══ Exercise data

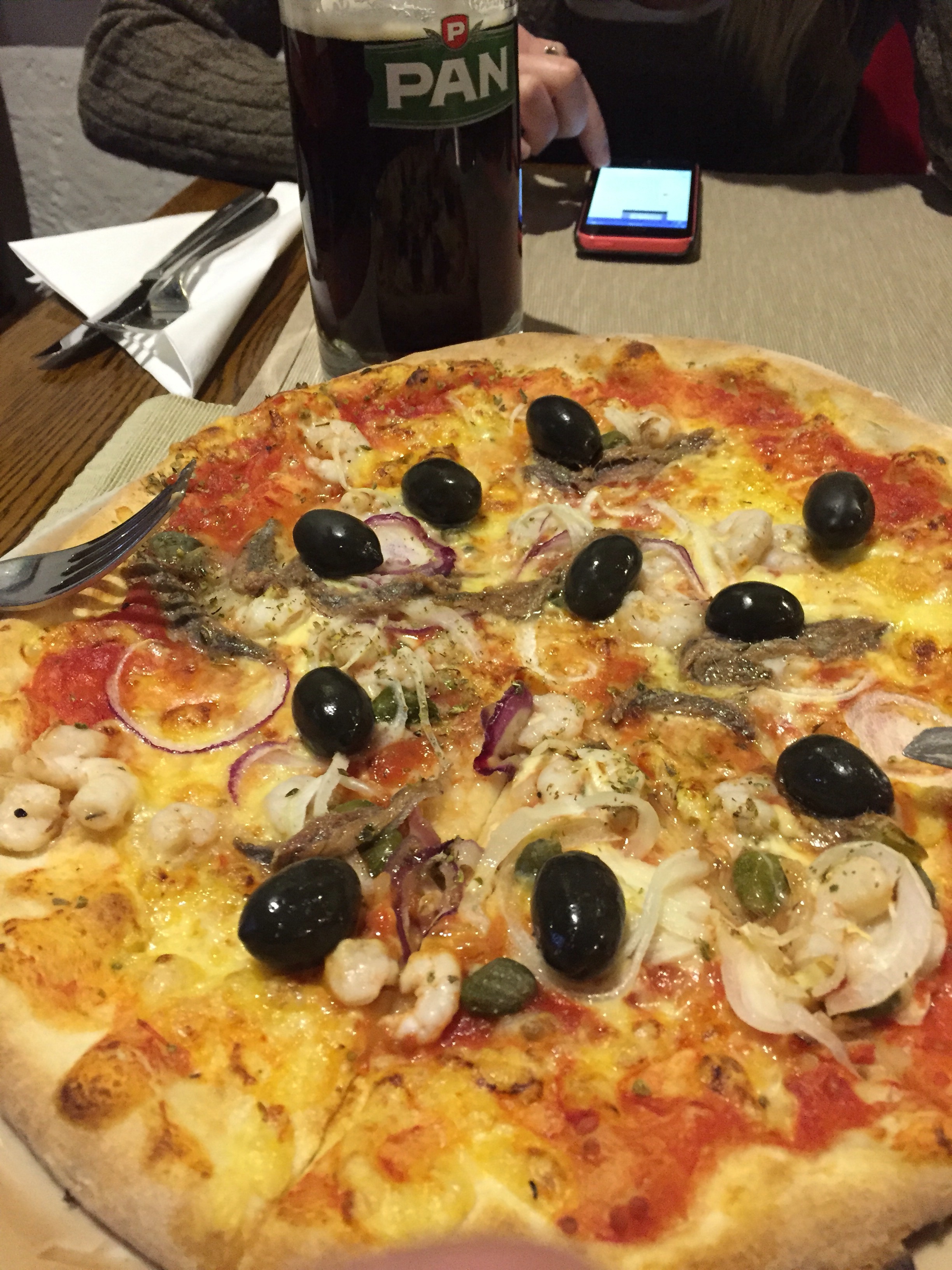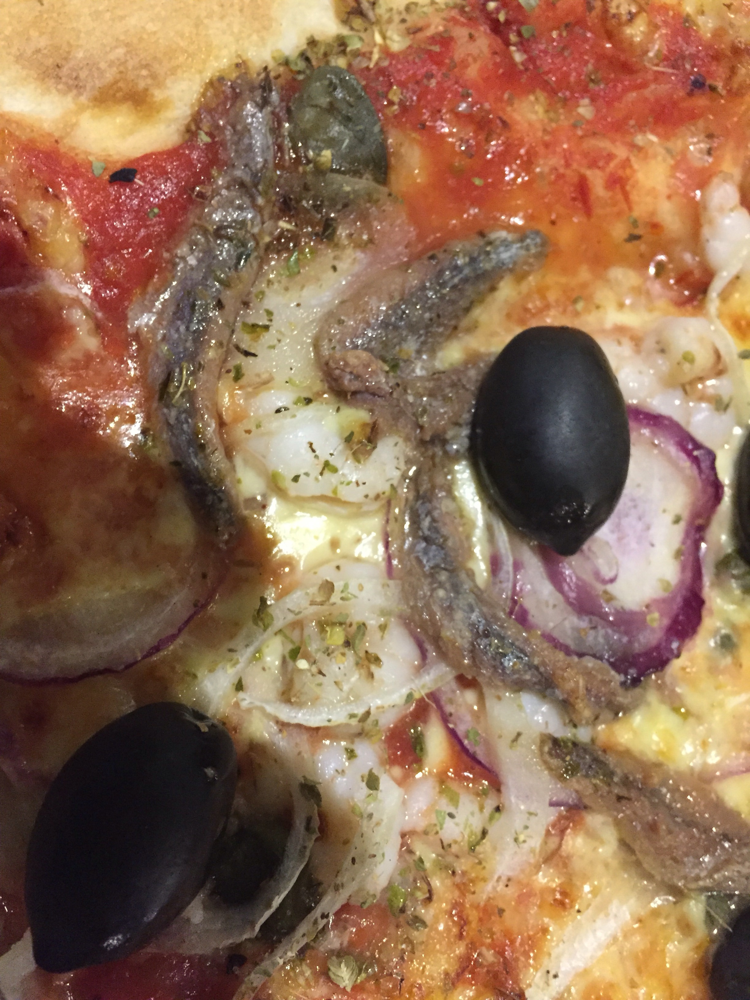 We did some souvenir shopping before returning to the pizza restaurant for some lunch. Teresa finally had an authentic pizza covered with anchovies! Yum!
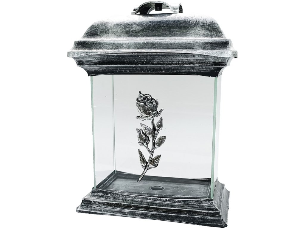 Felinar de cimitir elegant și stilat, Madonna, cu înălțimea de 26 cm, în formă de catedrală, cu motiv de trandafir argintiu. Acest design adaugă delicatețe și frumusețe discretă decorațiunii reverențioase. O alegere ideală pentru cei care doresc să încorporeze simbolismul trandafirului și eleganța argintie în decorațiunile lor. Lucrarea de înaltă calitate asigură o durată lungă de viață și un aspect demn.Parametri suplimentari
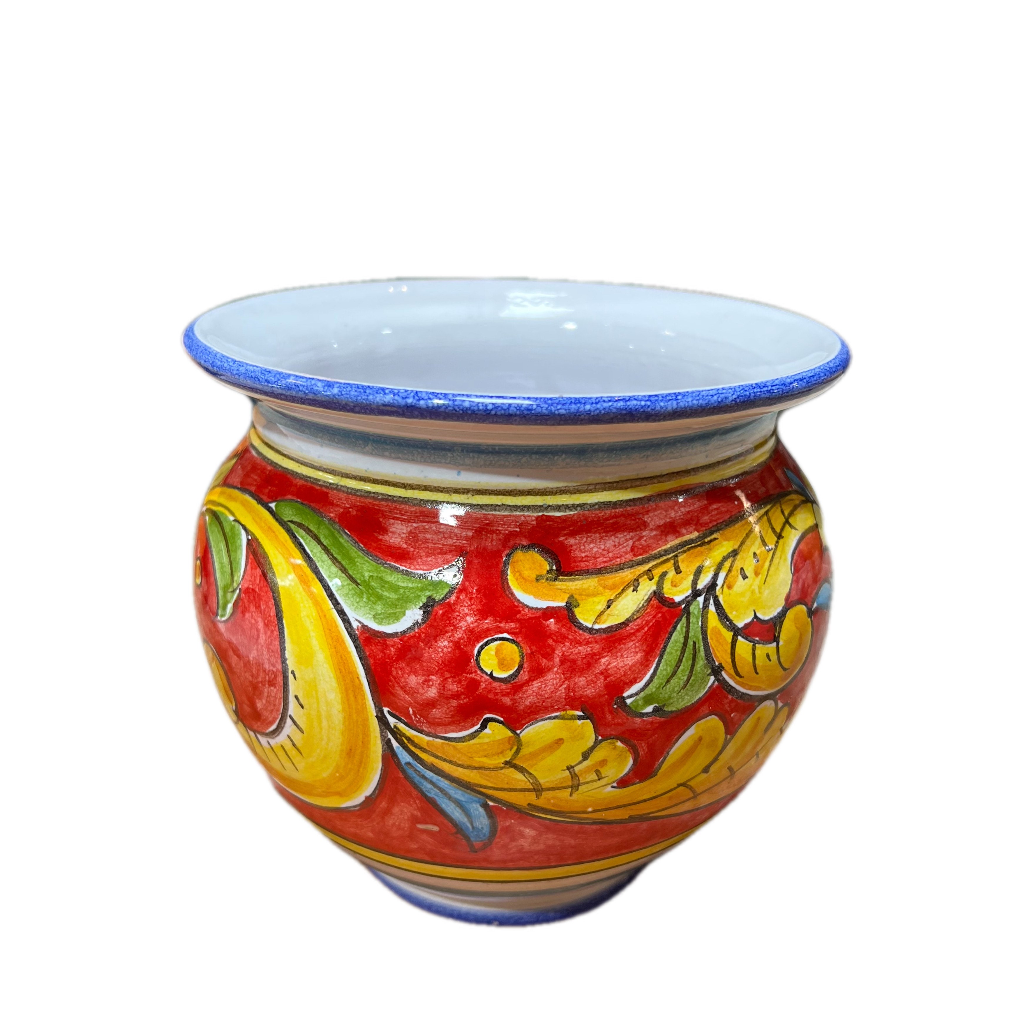 This lovely ceramic Sicilian cachepot adds Italian charm to any patio or garden or can be used as a pot for indoor plants.

════

▶ [Work item] The required output is the listing above reproduced exactly, pictures removed.

▶ [Written solution]
 We did some souvenir shopping before returning to the pizza restaurant for some lunch. Teresa finally had an authentic pizza covered with anchovies! Yum!
 Felinar de cimitir elegant și stilat, Madonna, cu înălțimea de 26 cm, în formă de catedrală, cu motiv de trandafir argintiu. Acest design adaugă delicatețe și frumusețe discretă decorațiunii reverențioase. O alegere ideală pentru cei care doresc să încorporeze simbolismul trandafirului și eleganța argintie în decorațiunile lor. Lucrarea de înaltă calitate asigură o durată lungă de viață și un aspect demn.Parametri suplimentari
 This lovely ceramic Sicilian cachepot adds Italian charm to any patio or garden or can be used as a pot for indoor plants.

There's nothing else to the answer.